We submerged into our book(s) and sat in companionable silence. We forgot all screens and beeps malfunctioning computers. After an hour of pure silence, I put on a CD (remember those?). This set of four CDs has been one of the soundtracks of my life for the last twenty years. (A great score!)
Furiously reading Martin Gilbert’s Churchill, A Life, trying to finish the 1K book before the inter-library loan ends (this is how I do marathons), the mounting crisis of Hitler’s threatened evasion of Czechoslovakia was creating inner tension.
Slowly I became aware that the music playing was such a befitting accompaniment to the words I was reading. Minor key, evocative, simply sad music. Naturally, it was Chopin. Recorded by the Slovak National Orchestra.
Make that a dozen likes. This sounds lovely. I have to reconnect with print books instead of always doing audio so I can multitask. Incidentally there was a little Olympic filler on TV about a Czech gymnast in 1968, soon after the Soviet Union invaded her country to crack down on reformist movements. The gymnast, Vera Caslavska, turned her head away when the Soviet flag was raised and anthem played—her own little silent protest.
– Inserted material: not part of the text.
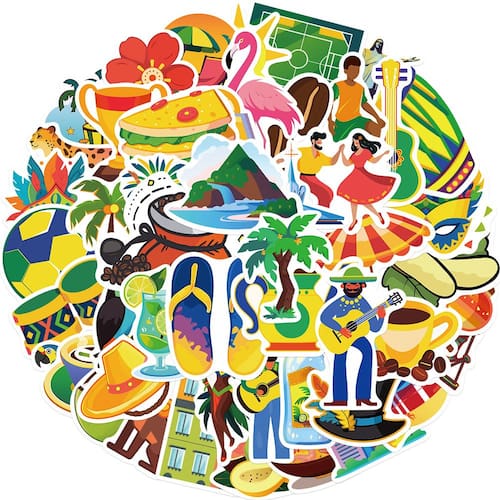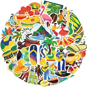 Material: papel e vinil Peso: 30-60 g Tamanho: 3-6 cm Quantidade: 50 unidades Conjunto de adesivos brasileiros de 50 peças — Inclui 50 designs exclusivos inspirados na cultura brasileira, com dançarinos de samba, futebol, máscaras de carnaval, café, frutas tropicais, praias e elementos musicais. Vinil impermeável durável — Feito de material de vinil de alta qualidade, à prova d'água e resistente ao desbotamento, perfeito para decoração interna e externa em superfícies lisas. Estética brilhante e tropical — Cores vibrantes e padrões divertidos criam uma atmosfera animada de carnaval, ótima para personalizar laptops, guitarras, skates e garrafas de água. Fácil de aplicar e remover — os adesivos pré-cortados são descascados e colados sem esforço, removíveis sem deixar resíduos pegajosos, o que os torna ideais para projetos de bricolage e uso criativo. Aplicativo para várias cenas — perfeito para álbuns de recortes, diários, malas, capas de telefone, capacetes, geladeiras e muito mais; adequado para adolescentes, estudantes e qualquer pessoa que adora viagens e vibrações tropicais.

Oh, I’m off to look her up! Thanks, Anita!
Hauntingly lovely music, thank you!
Our granddaughter is named Vera and of course we think it is a beautiful name. Her name is the pronunciation like the city of Veracruz, Mexico and not the English way of saying it. We listen to CDs at our house all the time and lately have been fortunate to buy some older ones at our public library bookstore, Second Hand Prose. Folks donate CDs and books there and we so enjoy going there to shop. All the money benefits the library. It is a win-win! Hope you complete your marathon before the time runs out.
It’s always a joy to hear from you, jep. I love the name of the library bookstore. (I did complete the marathon! Whew!)